Treating LLM Evals Like Tests: RAGAS and Langfuse as a CI Gate
The scariest thing about shipping LLM features is that they fail silently. Change a prompt, swap a model version, adjust a retrieval parameter, and nothing throws. The pipeline is green, the deploy succeeds, and answer quality quietly drops ten percent. No stack trace, no failing test, just a slow erosion you notice weeks later in user complaints.
Traditional tests do not catch this because the output is not deterministic. So we treat evaluation the way we treat tests: a golden dataset, automated scoring, and a threshold that blocks a merge.
What we measure
For a RAG system, "is the answer good" decomposes into a few measurable properties, and RAGAS scores most of them out of the box:
- Faithfulness: is the answer supported by the retrieved context, or did the model invent something? This is our hallucination guard.
- Answer relevancy: does the answer actually address the question?
- Context precision and recall: did retrieval surface the right passages, and did it surface enough of them? When faithfulness is fine but answers are still wrong, the problem is almost always here.

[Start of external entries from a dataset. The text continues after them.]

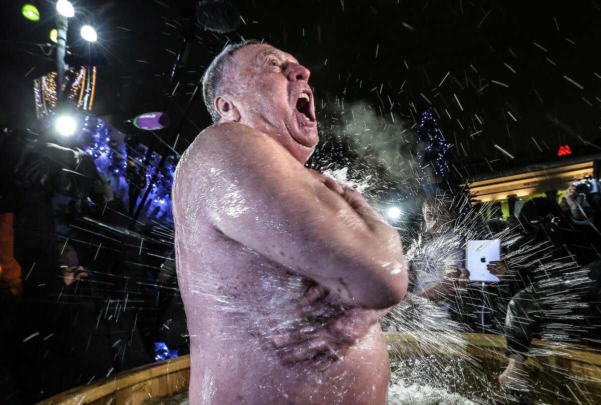 Знаменитости на Крещение в проруби. Владимир Жириновский, лидер фракции ЛДПР: «Я считаю, что должно быть потеплее — зачем морозить организм?» Зато Никиту Джигурду холодной водой не напугать — свой организм актер закаляет ежедневными обливаниями. В перерывах между сценами Максим Аверин с завистью поглядывал на моржей, которые ныряли в ледяную воду неподалеку от съемочной площадки. - А окунусь-ка и я, пожалуй! - вдруг выдал Максим. От этого заявления по телу многих членов съемочной группы пробежала дрожь. - Макс, ты чего?! На градуснике - ниже нуля! - раздался голос коллеги. - Не чуди! Но артист встал и направился прямиком в свой грим-вагон. Через пять минут Аверин появился в белом халате, тапках на босу ногу и захрустел по снегу в направлении водоема. У проруби Максим скинул халат, перекрестился и нырнул в ледяную купель. До самого последнего момента, пока Галустян не нырнул в ледяную купель, он продолжал шутить и улыбаться, хотя невооружённым взглядом было видно, что ему немног
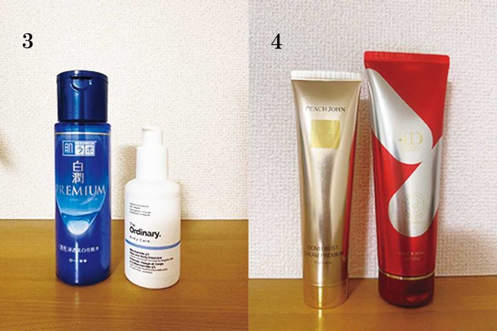 4.「脚や腕はアンジュボーテのボディメイク4DEXで引き締め。バスト&ヒップはピーチ・ジョンのボムバストクリームを」
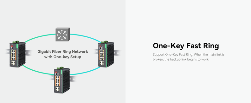 - One-Key FAST RING and SCP - Support One-Key Fast Ring Fiber Network and Broadcast Storms Protection.
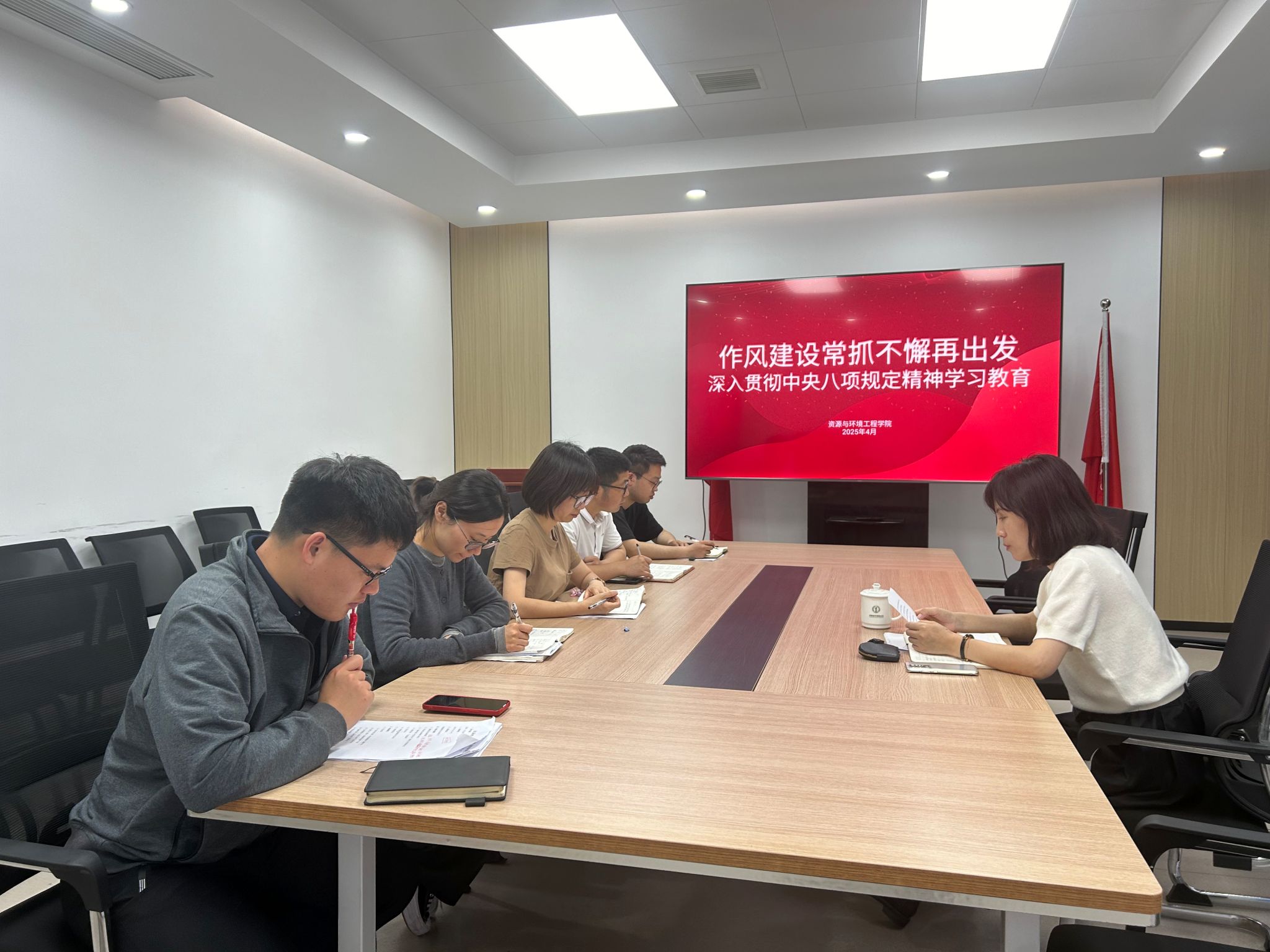 4月21日,资环学院学工团队在304会议室举行中央八项规定精神专题学习会,会议由学院党委副书记、纪委书记鲍丽娟主持,全体辅导员参加。
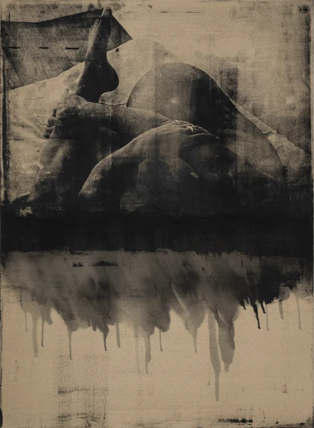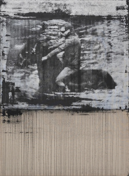 Take Blue Roan (2015), a large screen print of a man at Appleby Horse Fair, wearing sunglasses, riding a horse through a body of water so deep it laps at his feet, soaking his shoes. Printed onto a piece of raw linen, the acrylic print crackles and drips around the edges; an analogue TV sputtering to life.

Splitting the score this way is the point. A single "quality" number tells you something regressed. These tell you whether to go fix the retriever or the prompt.
The golden dataset is the asset
Evals are only as good as the dataset behind them. Ours started small, a few dozen hand-written question and answer pairs, and grows from real traffic: when we find a query the system handled badly, we fix it and add it to the set so it can never silently regress again. Production failures become permanent regression tests.
We keep these datasets and every eval run in Langfuse, which also traces live requests. The same scores we compute in CI we sample on production traffic, so offline and online quality stay comparable instead of drifting apart.
Wiring it into CI
The mechanics are ordinary CI. On any pull request that touches a prompt, a model version, or retrieval, the eval suite runs against the golden dataset and fails the build if a metric drops below its floor:
def test_rag_quality():
results = evaluate(
dataset=load_golden_set(),
metrics=[faithfulness, answer_relevancy, context_recall],
)
assert results["faithfulness"] >= 0.90
assert results["answer_relevancy"] >= 0.85
assert results["context_recall"] >= 0.80
A regression now shows up as a red check on the PR, next to the unit tests, before it reaches a user.
The honest caveats
Eval is not free and not perfect:
- LLM-as-judge is noisy. Many metrics use a model to grade a model. Pin the judge model and version, average over several runs, and treat the thresholds as guardrails, not precise truth.
- It costs tokens and time. We run the full suite on relevant PRs and nightly, not on every commit.
- The dataset can rot. As the product changes, stale cases need pruning or they block good merges for the wrong reasons.
None of that is a reason to skip it. An imperfect, automated quality gate beats finding out from users. Once evals run in CI, changing a prompt stops being an act of faith and becomes a normal, reviewable engineering change.